An Australian rugby player made the San Francisco 49ers and a kicker born in Australia gets picked up by the NY Giants.

http://espn.go.com/blog/san-francis...ryd-hayne-makes-49ers-projected-53-man-roster

http://nypost.com/2015/09/04/giants-cut-fan-favorite-weatherford-trade-for-aussie-punter/

Pretty good since for the most part North America is the only place where most of the football-not soccer is played.


----------



## Warrigal (Sep 4, 2015)

So you've noticed our Jarryd Hayne. For the record, he is not a soccer player and soccer is just one of the codes played in Australia. The others are rugby, rugby league and Australian rules football. For a smallish population, there are plenty of choices.

He's an interesting young man. He has given up a very lucrative contract with rugby league in Australia to try his hand at American football. He is doing it for love of the game and he seems to be bringing some interesting skills with him. He certainly seems to be attracting some attention in the pre-season games. Our sports news has been full of his progress.

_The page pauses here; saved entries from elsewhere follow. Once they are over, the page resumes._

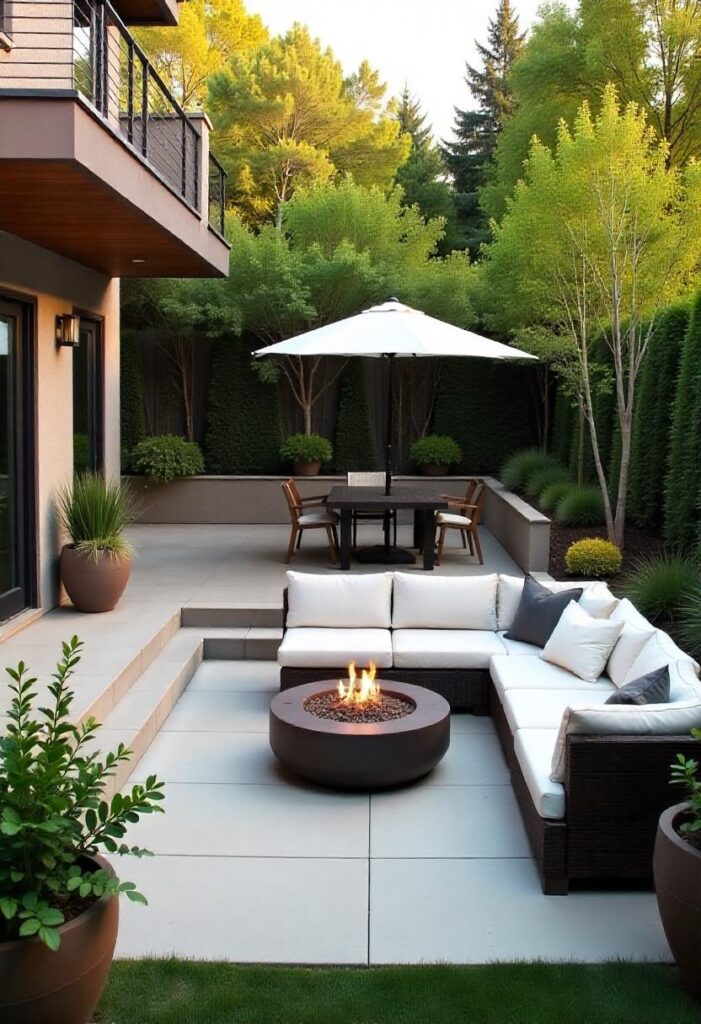 A tiered patio layout makes each function feel distinct while maintaining a cohesive flow across the entire yard. The highest level might serve as a grilling station or bar, the middle for outdoor dining, and the lowest for lounging by a fire pit. Varying the surface materials between levels adds visual structure. This design works especially well for sloped lots or homeowners seeking to organize their outdoor activities without barriers.
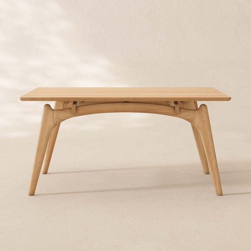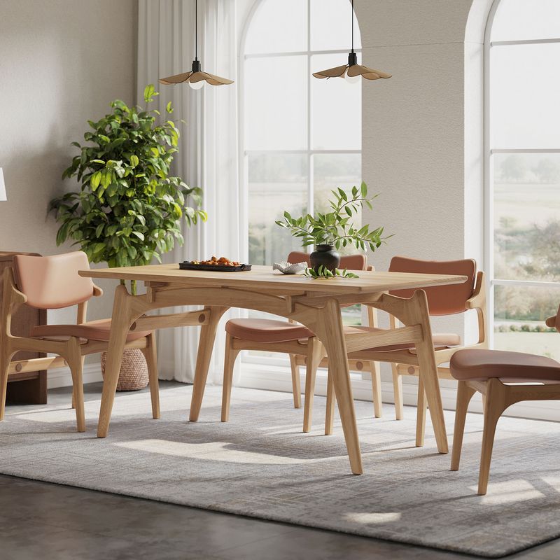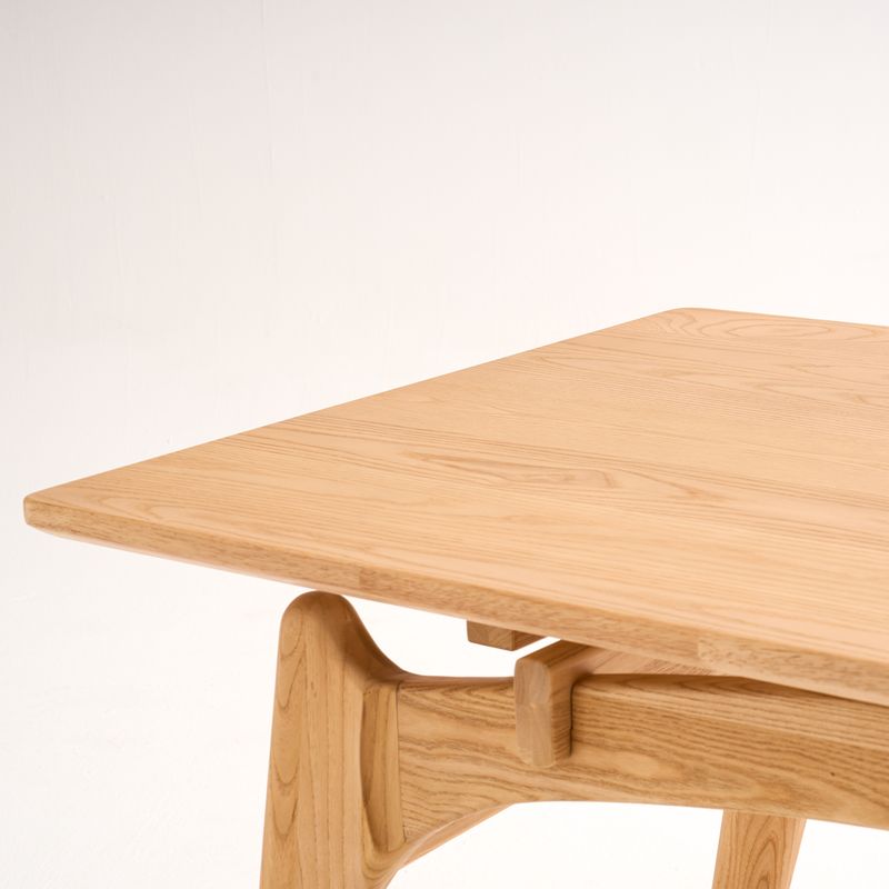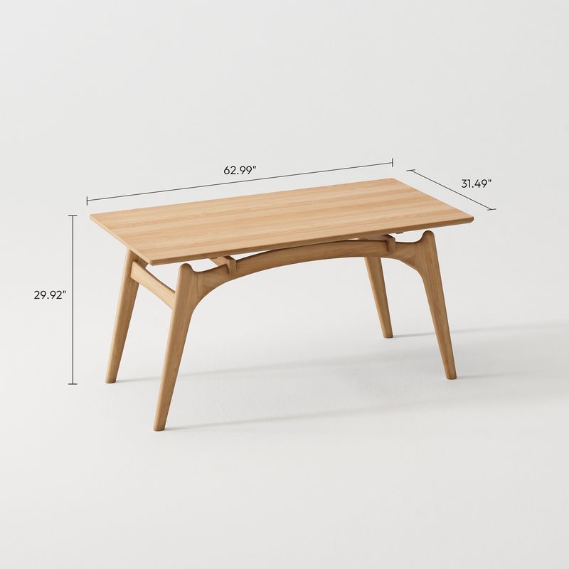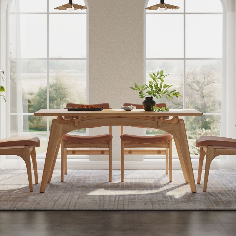 Crafted of rubberwood with ash veneers, The table legs are crafted from Japanese cleyera wood.The rubberwood used in this product is sustainably sourced from trees that no longer produce latex.CPSIA-certified water-based finish, safe for family well-beingEvery piece of natural wood tells its own story, with unique color and texture, no two are alike.Organic curves and rounded edges—thoughtfully designed to prevent bumps and bruises.A 63” tabletop fits 4–6 people with ease—perfect for everyday meals and festive gatherings alike.Some assembly required (approximately 20 minutes)
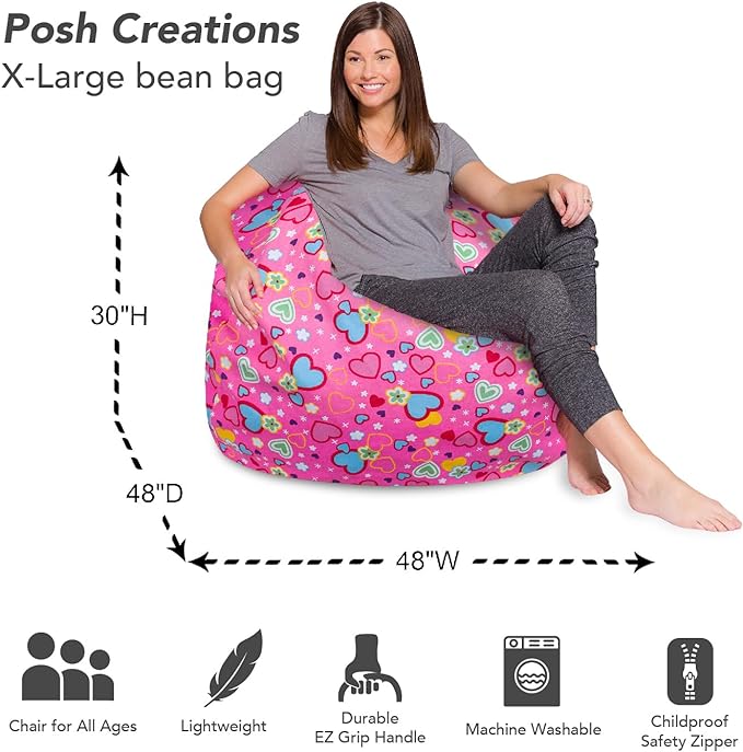 Posh Creations Bean Bag Chair for Kids, Teens, and Adults Includes Removable and Machine Washable Cover, Canvas Multi-Colored Hearts on Pink, 48in - X-Large
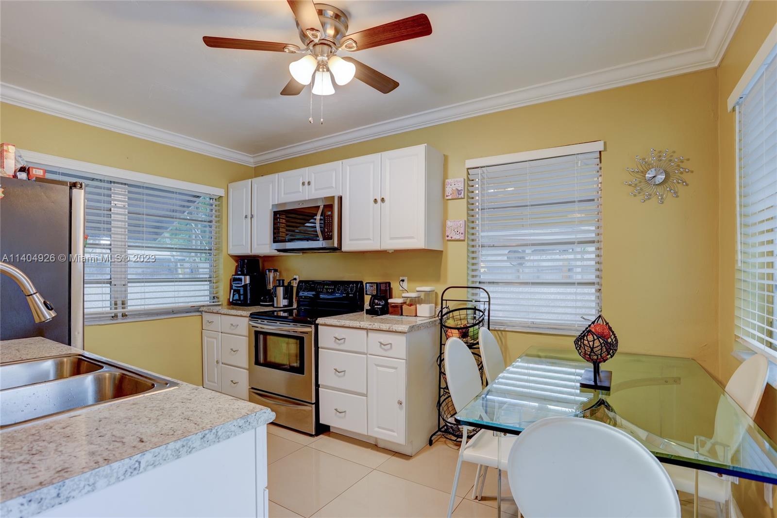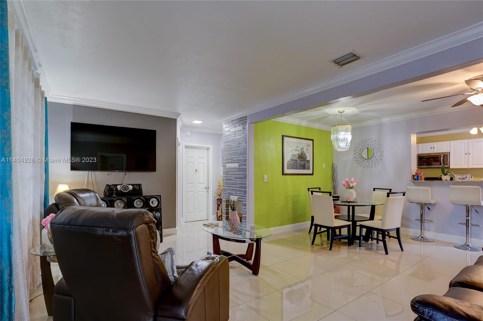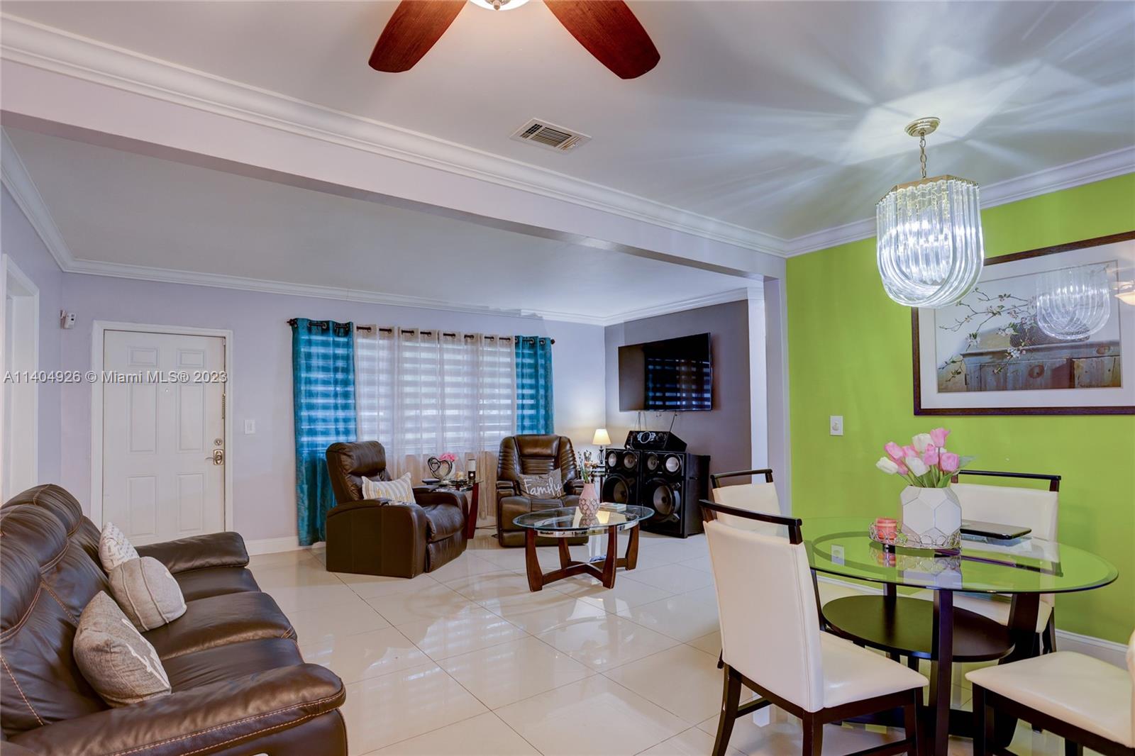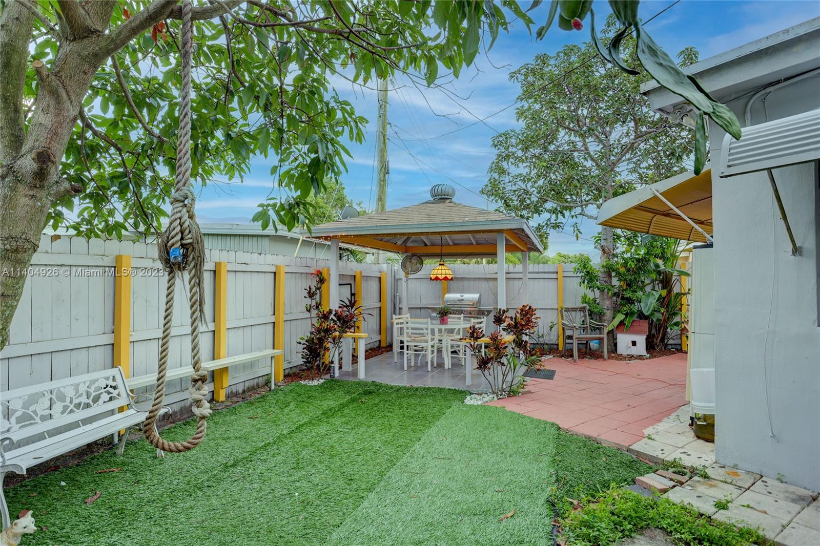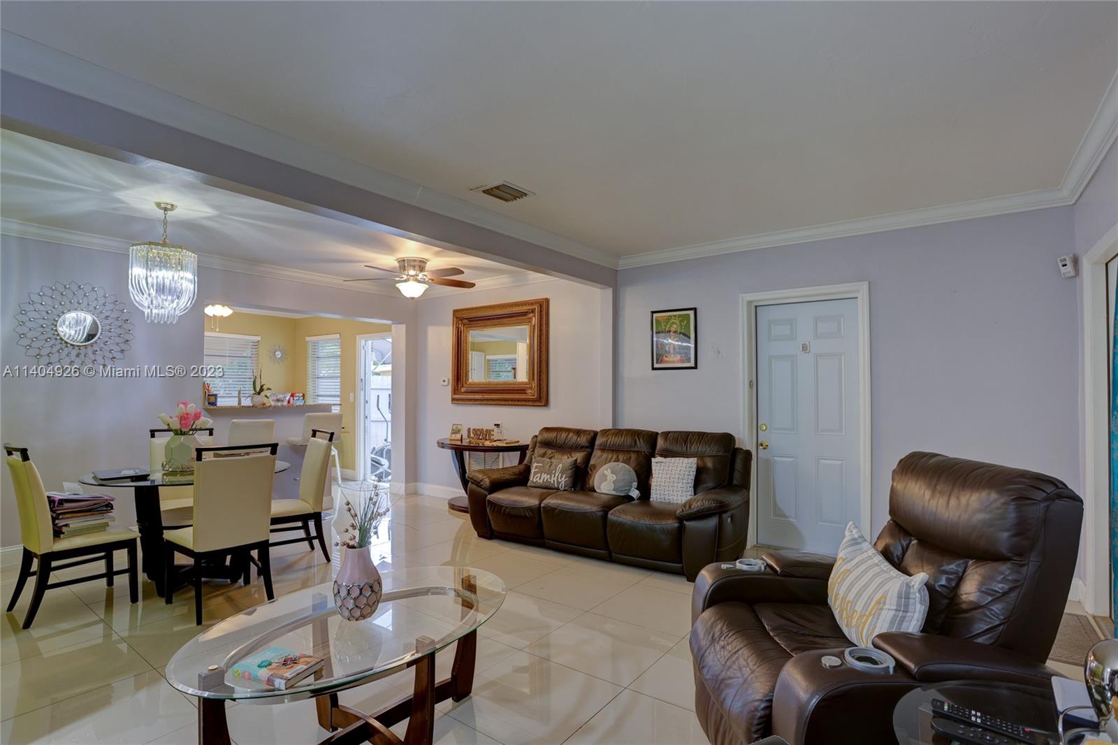 This beautiful home in the heart of Miramar is ready for their next loving homeowner. Sitting on a corner lot with over 7,000 sq. ft., this home features: 2 ample bedrooms, 1 updated bathroom, remodeled open kitchen with stainless steel appliances, tile and laminate flooring throughout, crown molding, separate laundry room, updated AC and tankless water heater and so much more. Outside, enjoy the gazebo area in the large backyard fully enclosed with a privacy fence. Room for a pool. Lots of fruit trees. Centrally located near the turnpike and I95. No HOA!
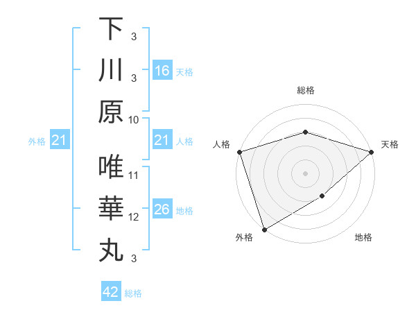 下川原 唯華丸さんの総格は42画の3点!
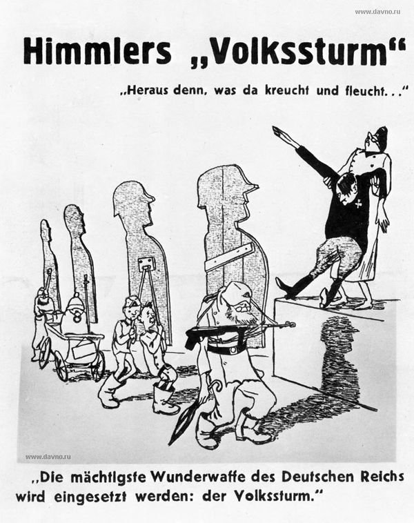 Фольксштурм плакат - это исторический плакат, который связан с Фольксштурмом - народным ополчением Германии во время Второй мировой войны. На плакате изображены символы и лозунги, призывающие граждан присоединиться к Фольксштурму и помочь защитить родину от врагов. Такие плакаты использовались для мобилизации граждан и создания единого фронта в борьбе с вражескими силами. Они являются важными историческими свидетельствами времен войны и позволяют нам лучше понять тот период и его значимость для национальной обороны.
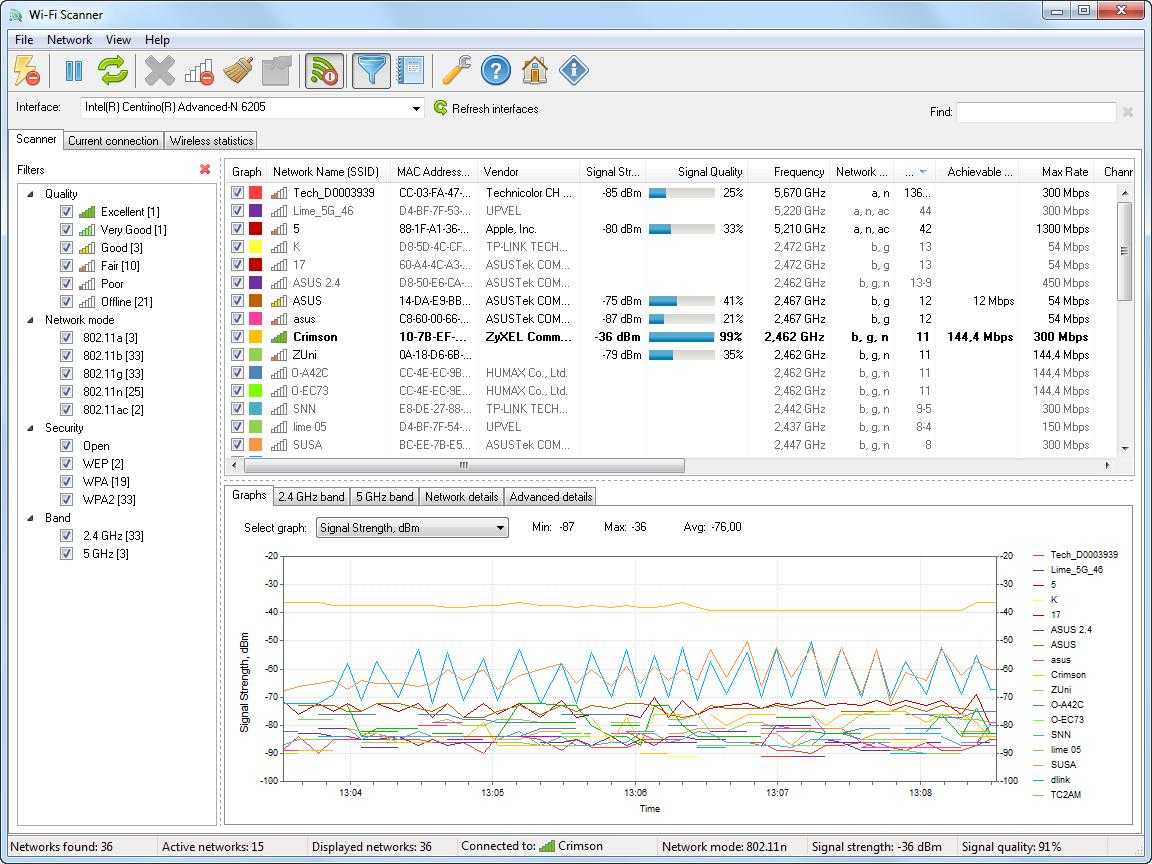 Благодаря наглядным визуальным графикам этот режим удобно использовать для выявления пересекающихся Wi-Fi сетей:
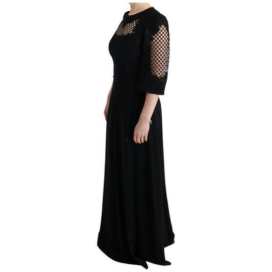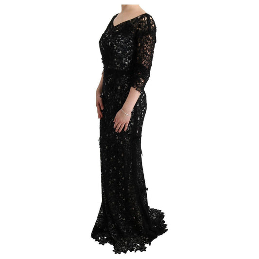 Dolce & Gabbana Black Floral Ricamo Sheath Long Dress
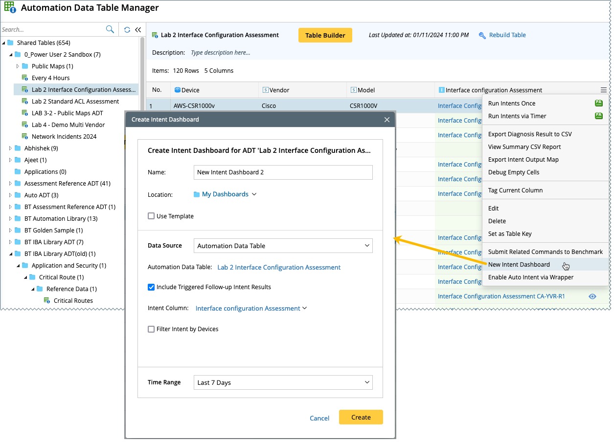 A wizard is provided to create the Intent Dashboard. A user can create an Intent Dashboard as follows:
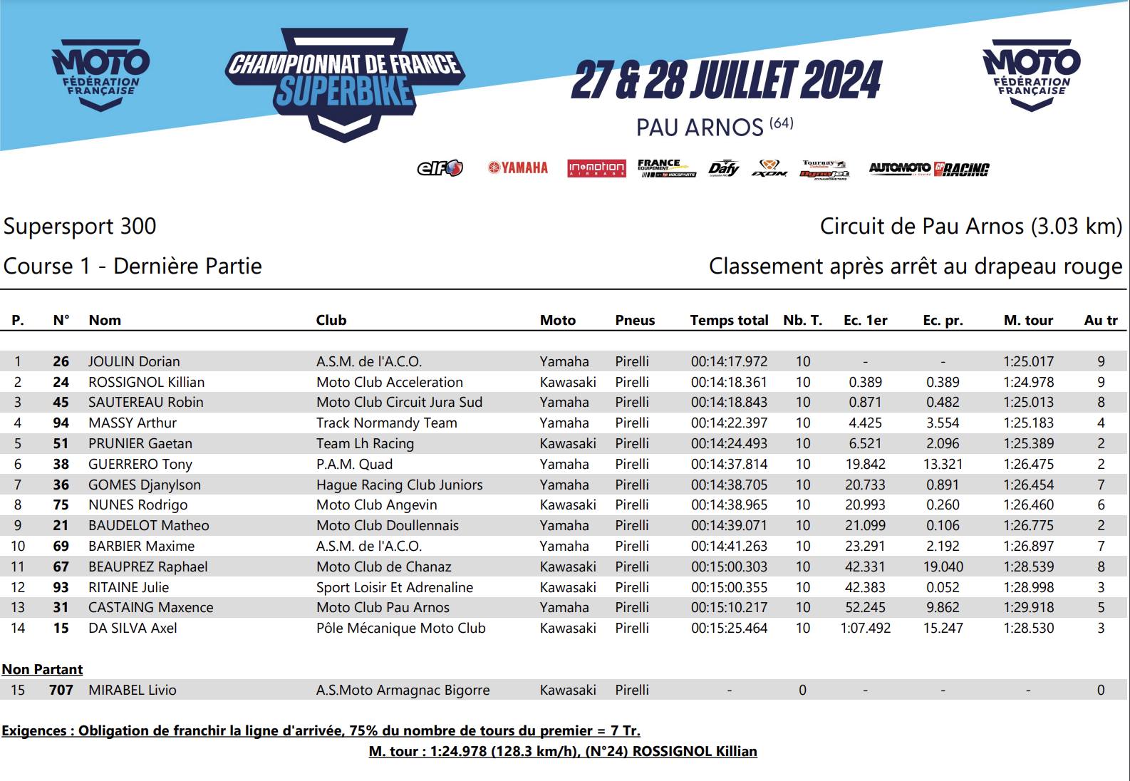 Second départ pour 10 tours et le scénario reste le même. Dorian JOULIN file en tête à la fin du premier tour et devance Killian ROSSIGNOL, second et au contact, tout comme Gaëtan PRUNIER (Kawasaki – Pirelli), 3ème. Plus distancés Robin SAUTEREAU (Yamaha – Pirelli) et Arthur MASSY (Yamaha – Pirelli) sont à la lutte et complètent le top 5.
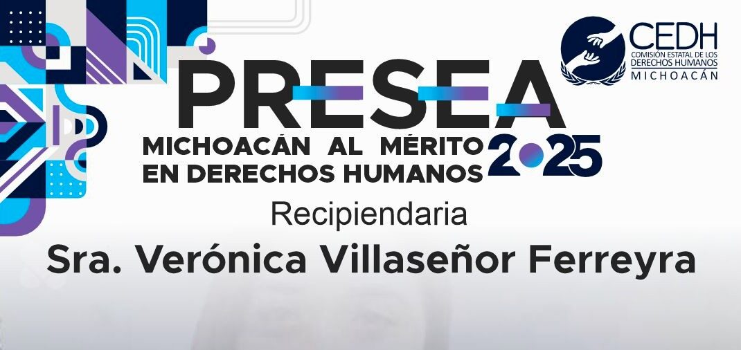 Morelia, Michoacán.- 9 de diciembre de 2025.- Por su incansable defensa de los derechos humanos, su firme búsqueda de justicia para la maestra Jéssica y su labor en visibilizar y acompañar a víctimas de feminicidio, la Comisión Estatal de los Derechos Humanos (CEDH) otorgará a la señora Verónica Villaseñor Ferreyra, la Presea Michoacán al Mérito en Derechos Humanos 2025.

In the past we have had a couple of Aussie rules football players make the cut in American football but that is a very different game, with a whole other set of skills.


----------



## Ken N Tx (Sep 5, 2015)

Dame Warrigal said:


> So you've noticed our Jarryd Hayne. For the record, he is not a soccer player and soccer is just one of the codes played in Australia. The others are rugby, rugby league and Australian rules football. For a smallish population, there are plenty of choices.
> 
> He's an interesting young man. He has given up a very lucrative contract with rugby league in Australia to try his hand at American football. He is doing it for love of the game and he seems to be bringing some interesting skills with him. He certainly seems to be attracting some attention in the pre-season games. Our sports news has been full of his progress.
> 
> In the past we have had a couple of Aussie rules football players make the cut in American football but that is a very different game, with a whole other set of skills.



Your golfers are going pretty good also!!!


----------